Instructions for the task – When the line with "Chronic skin disorder" turns up below, begin repeating exactly, and carry on through the line with "2021秋王朝霞河南省优质试题海淘精编卷(三)八年级英语(人教版)【5】"; no pictures go into the copy.

Top of Stored data

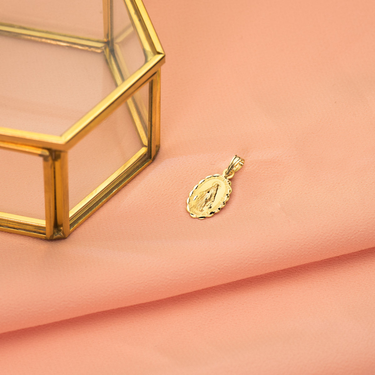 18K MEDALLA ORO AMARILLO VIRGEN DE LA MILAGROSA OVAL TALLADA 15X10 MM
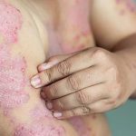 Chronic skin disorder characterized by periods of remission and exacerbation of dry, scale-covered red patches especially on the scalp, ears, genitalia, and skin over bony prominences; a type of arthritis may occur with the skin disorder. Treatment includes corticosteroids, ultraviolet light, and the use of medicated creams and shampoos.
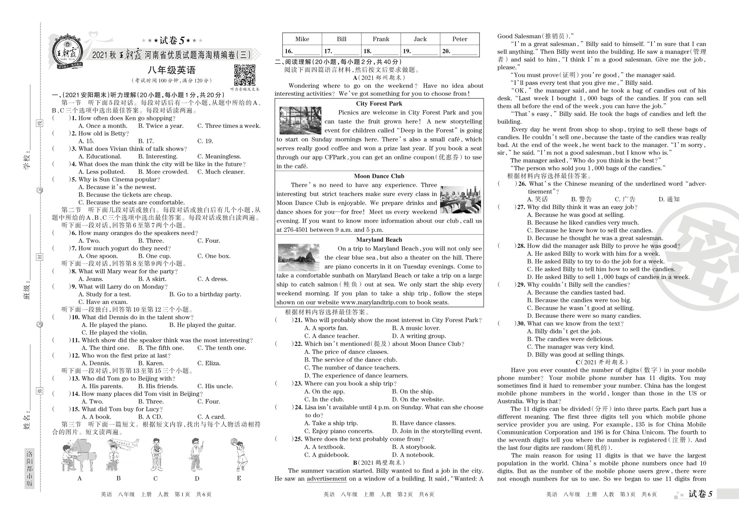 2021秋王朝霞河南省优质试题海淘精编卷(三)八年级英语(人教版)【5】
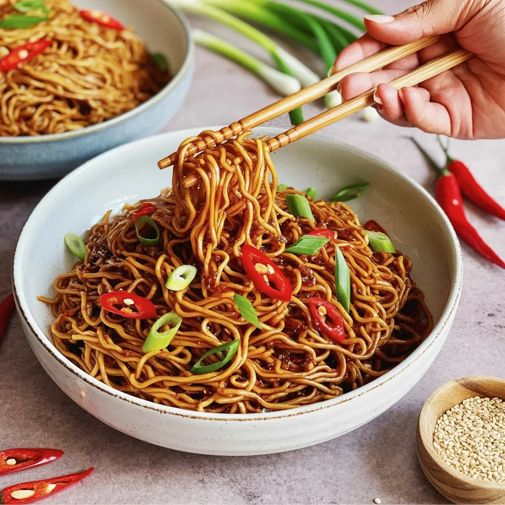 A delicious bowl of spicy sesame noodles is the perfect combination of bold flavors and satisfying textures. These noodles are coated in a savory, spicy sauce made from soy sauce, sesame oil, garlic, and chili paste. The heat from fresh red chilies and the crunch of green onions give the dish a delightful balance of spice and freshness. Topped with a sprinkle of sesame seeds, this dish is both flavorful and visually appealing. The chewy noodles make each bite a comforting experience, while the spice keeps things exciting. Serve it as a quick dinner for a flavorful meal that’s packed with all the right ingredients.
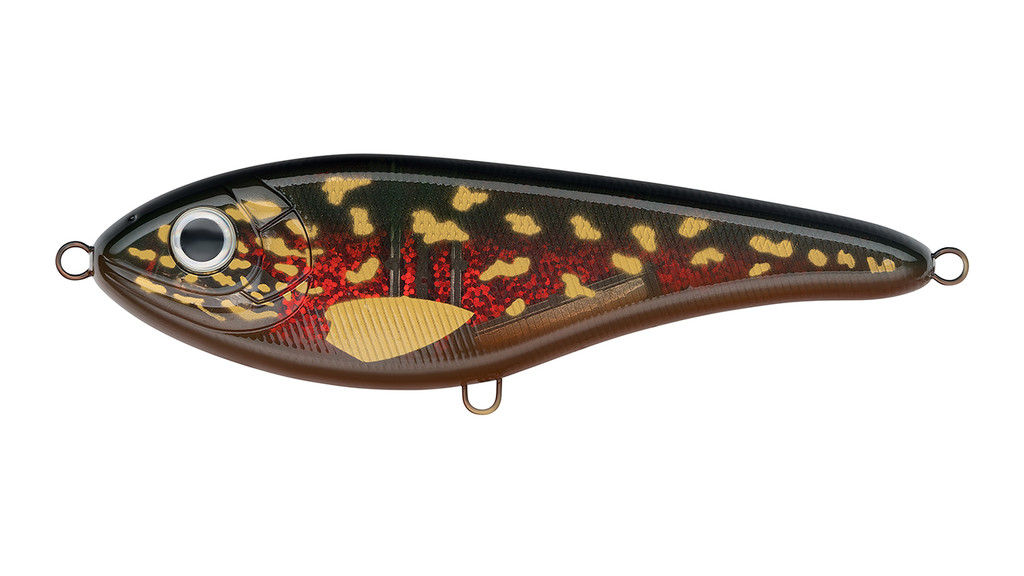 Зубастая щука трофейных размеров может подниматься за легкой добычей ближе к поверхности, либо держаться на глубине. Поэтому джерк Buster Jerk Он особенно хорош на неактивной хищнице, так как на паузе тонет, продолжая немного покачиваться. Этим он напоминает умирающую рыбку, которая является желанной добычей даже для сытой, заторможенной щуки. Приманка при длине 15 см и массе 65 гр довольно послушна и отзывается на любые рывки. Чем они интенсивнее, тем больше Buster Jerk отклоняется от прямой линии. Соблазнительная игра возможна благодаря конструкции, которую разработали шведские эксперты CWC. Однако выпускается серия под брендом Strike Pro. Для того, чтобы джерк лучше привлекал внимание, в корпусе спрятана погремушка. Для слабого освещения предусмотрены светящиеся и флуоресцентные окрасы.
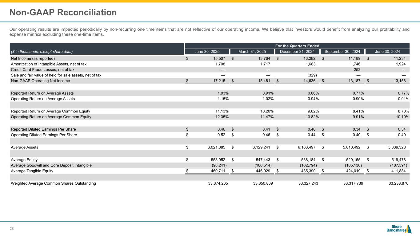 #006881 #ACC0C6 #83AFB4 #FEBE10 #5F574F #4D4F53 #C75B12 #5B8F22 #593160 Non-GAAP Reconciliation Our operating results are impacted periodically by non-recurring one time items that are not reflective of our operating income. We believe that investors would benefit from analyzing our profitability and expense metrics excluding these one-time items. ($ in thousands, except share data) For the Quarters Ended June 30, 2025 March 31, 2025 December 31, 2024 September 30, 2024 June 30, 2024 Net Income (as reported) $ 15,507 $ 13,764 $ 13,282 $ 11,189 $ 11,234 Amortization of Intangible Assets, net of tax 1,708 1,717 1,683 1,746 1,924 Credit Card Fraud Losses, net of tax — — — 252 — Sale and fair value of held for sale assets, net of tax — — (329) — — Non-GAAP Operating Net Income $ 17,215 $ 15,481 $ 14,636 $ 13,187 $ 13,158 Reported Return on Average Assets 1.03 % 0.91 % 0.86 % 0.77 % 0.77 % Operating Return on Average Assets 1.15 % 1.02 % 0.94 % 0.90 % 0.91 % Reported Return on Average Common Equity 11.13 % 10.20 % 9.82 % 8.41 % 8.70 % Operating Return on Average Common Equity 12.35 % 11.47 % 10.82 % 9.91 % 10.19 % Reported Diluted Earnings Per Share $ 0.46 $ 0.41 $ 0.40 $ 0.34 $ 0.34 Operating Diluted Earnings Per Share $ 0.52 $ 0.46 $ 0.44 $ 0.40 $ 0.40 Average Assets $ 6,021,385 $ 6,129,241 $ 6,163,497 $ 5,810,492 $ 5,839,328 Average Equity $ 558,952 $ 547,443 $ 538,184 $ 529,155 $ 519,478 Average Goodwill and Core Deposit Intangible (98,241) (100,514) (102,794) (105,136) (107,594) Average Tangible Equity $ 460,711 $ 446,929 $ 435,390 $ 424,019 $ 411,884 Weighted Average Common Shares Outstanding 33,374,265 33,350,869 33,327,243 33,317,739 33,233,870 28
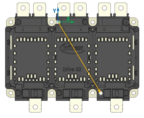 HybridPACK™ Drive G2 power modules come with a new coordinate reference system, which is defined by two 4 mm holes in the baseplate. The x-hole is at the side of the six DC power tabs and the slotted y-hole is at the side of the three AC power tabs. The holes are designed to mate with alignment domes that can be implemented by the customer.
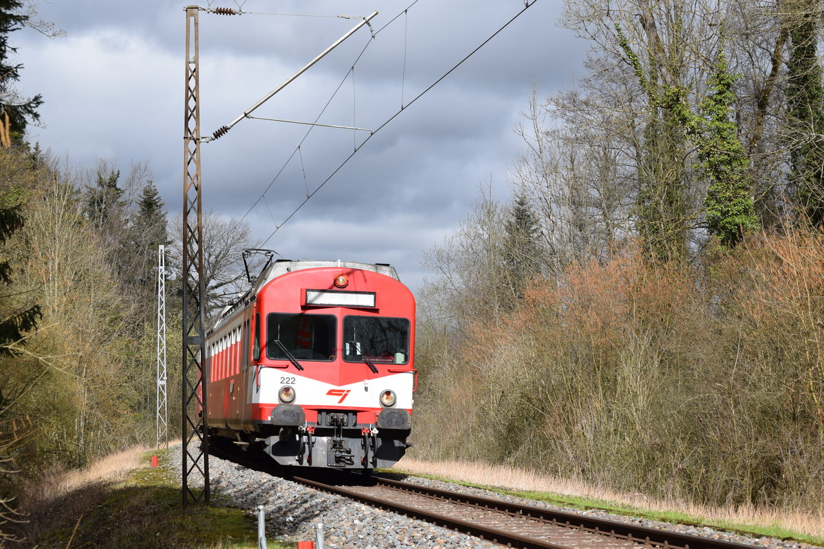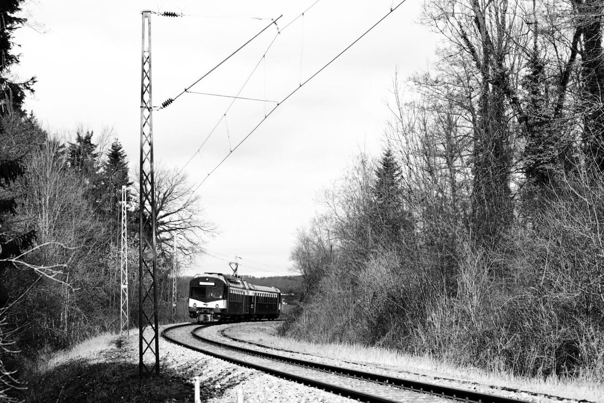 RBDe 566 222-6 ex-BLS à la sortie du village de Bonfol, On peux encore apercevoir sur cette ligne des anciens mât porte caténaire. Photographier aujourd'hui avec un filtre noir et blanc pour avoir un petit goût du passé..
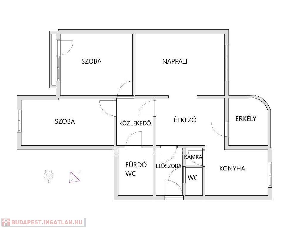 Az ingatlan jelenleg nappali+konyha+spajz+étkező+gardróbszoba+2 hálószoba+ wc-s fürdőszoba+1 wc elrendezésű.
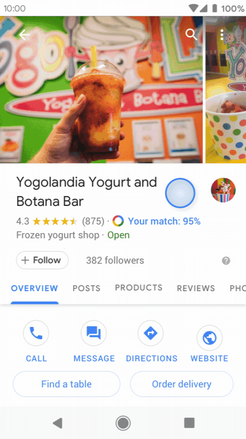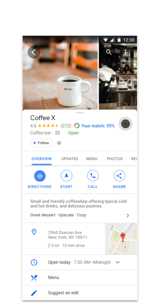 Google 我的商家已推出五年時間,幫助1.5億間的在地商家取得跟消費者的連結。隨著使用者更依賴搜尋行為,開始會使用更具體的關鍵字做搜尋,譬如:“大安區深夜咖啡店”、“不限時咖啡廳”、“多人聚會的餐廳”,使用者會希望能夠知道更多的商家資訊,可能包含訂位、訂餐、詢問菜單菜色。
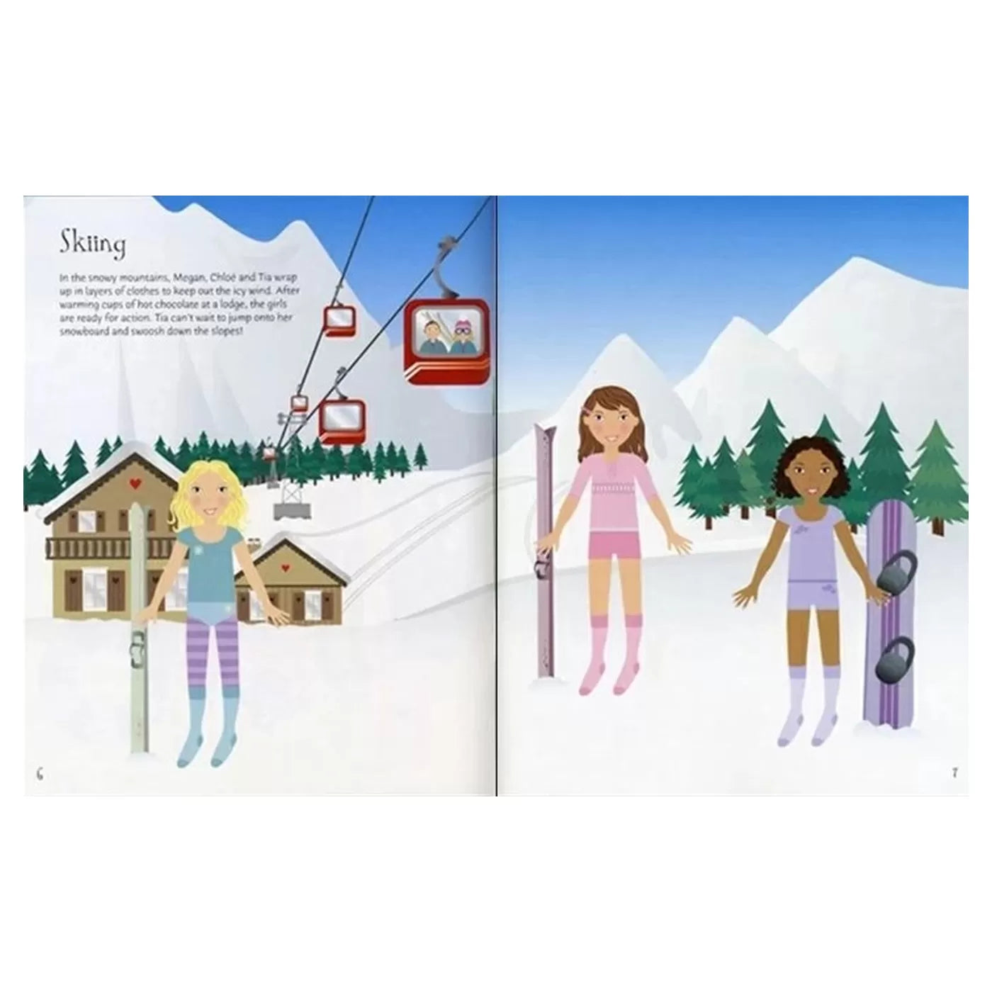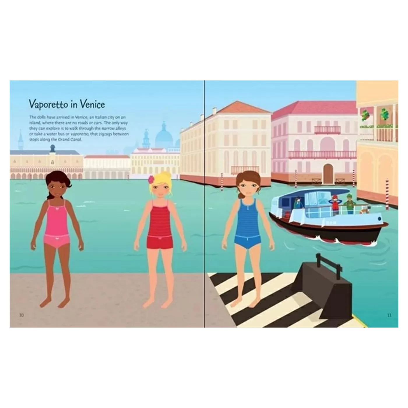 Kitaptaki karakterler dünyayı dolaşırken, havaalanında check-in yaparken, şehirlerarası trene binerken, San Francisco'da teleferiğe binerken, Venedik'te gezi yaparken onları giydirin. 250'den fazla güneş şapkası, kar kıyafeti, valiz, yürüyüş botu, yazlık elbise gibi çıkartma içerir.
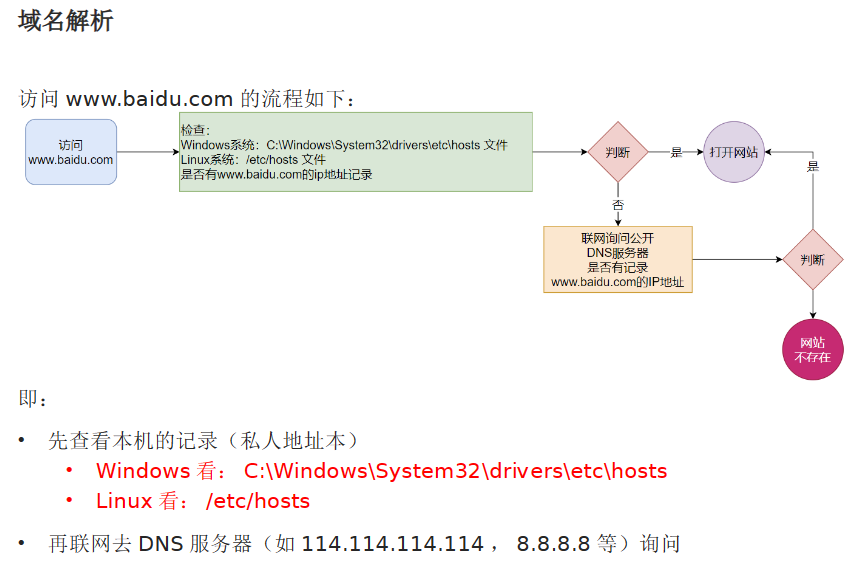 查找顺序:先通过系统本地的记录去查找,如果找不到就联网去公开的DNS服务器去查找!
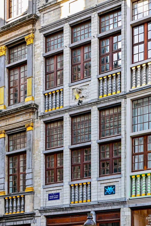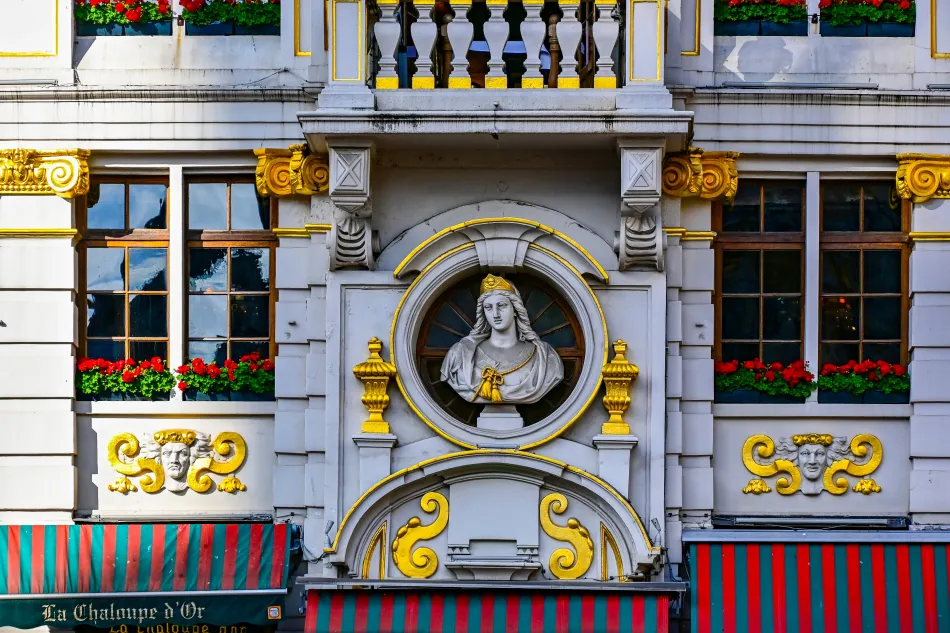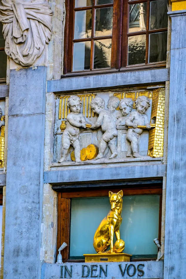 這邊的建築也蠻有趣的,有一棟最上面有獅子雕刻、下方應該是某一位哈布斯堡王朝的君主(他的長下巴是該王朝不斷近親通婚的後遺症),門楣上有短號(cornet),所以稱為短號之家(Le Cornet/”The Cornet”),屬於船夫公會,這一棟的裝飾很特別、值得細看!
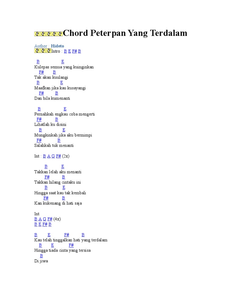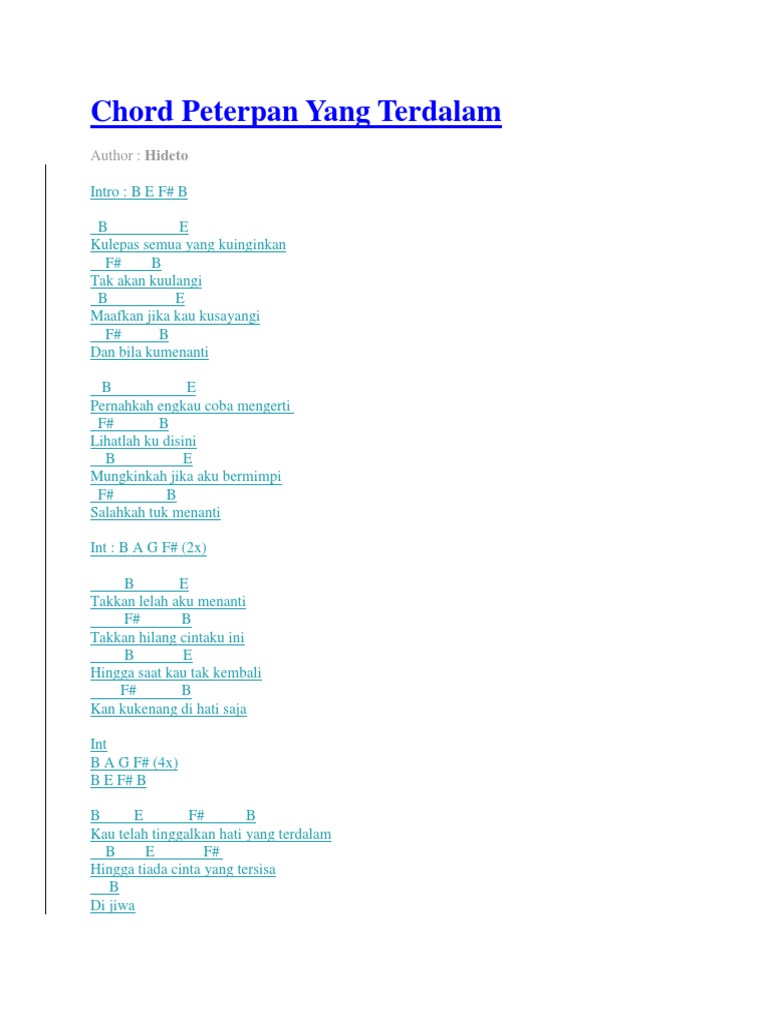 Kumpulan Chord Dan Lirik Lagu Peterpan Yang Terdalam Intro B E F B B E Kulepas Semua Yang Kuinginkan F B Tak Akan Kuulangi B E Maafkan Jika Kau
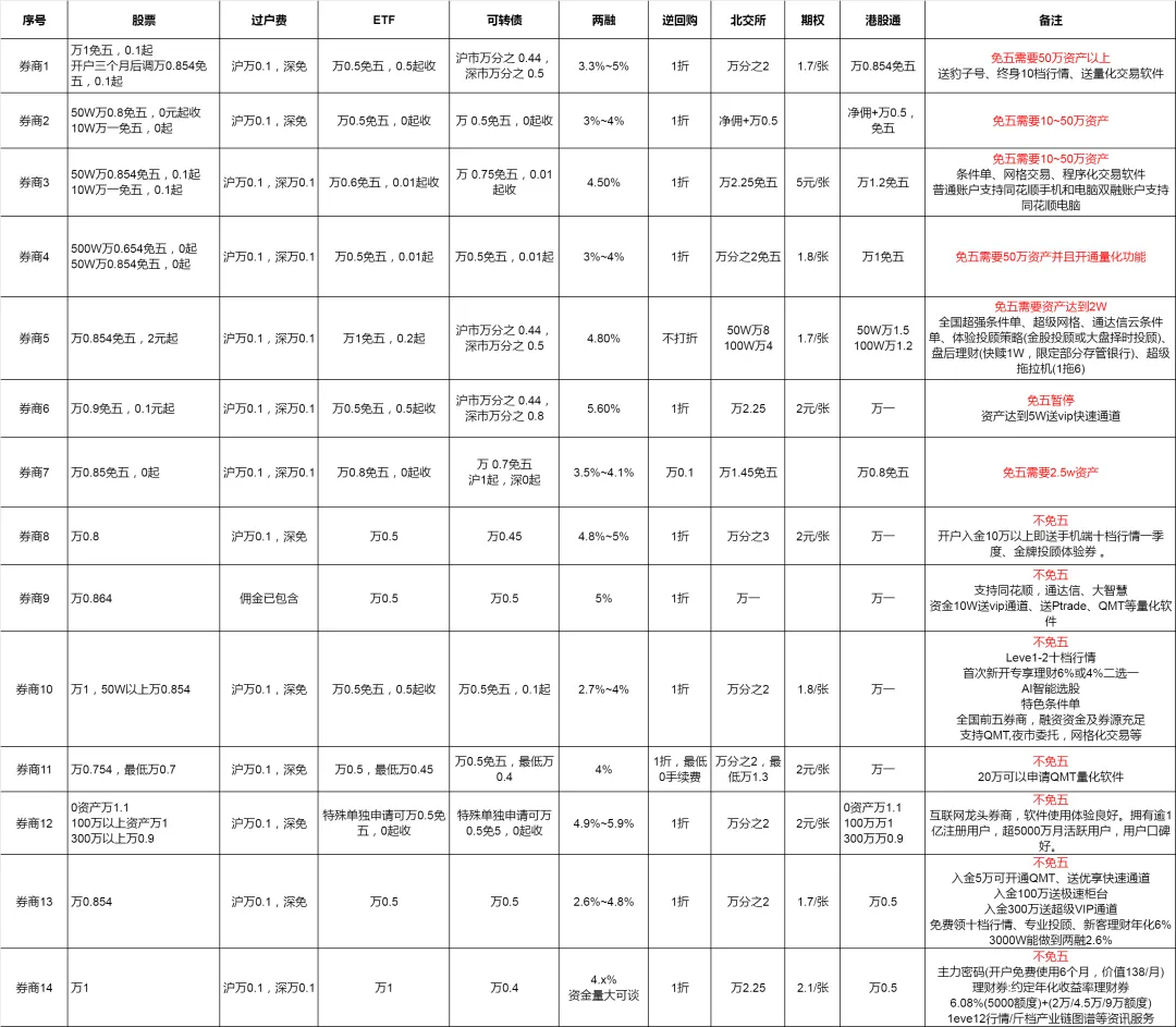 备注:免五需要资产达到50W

Bottom of Stored data

Task answer –
 Chronic skin disorder characterized by periods of remission and exacerbation of dry, scale-covered red patches especially on the scalp, ears, genitalia, and skin over bony prominences; a type of arthritis may occur with the skin disorder. Treatment includes corticosteroids, ultraviolet light, and the use of medicated creams and shampoos.
 2021秋王朝霞河南省优质试题海淘精编卷(三)八年级英语(人教版)【5】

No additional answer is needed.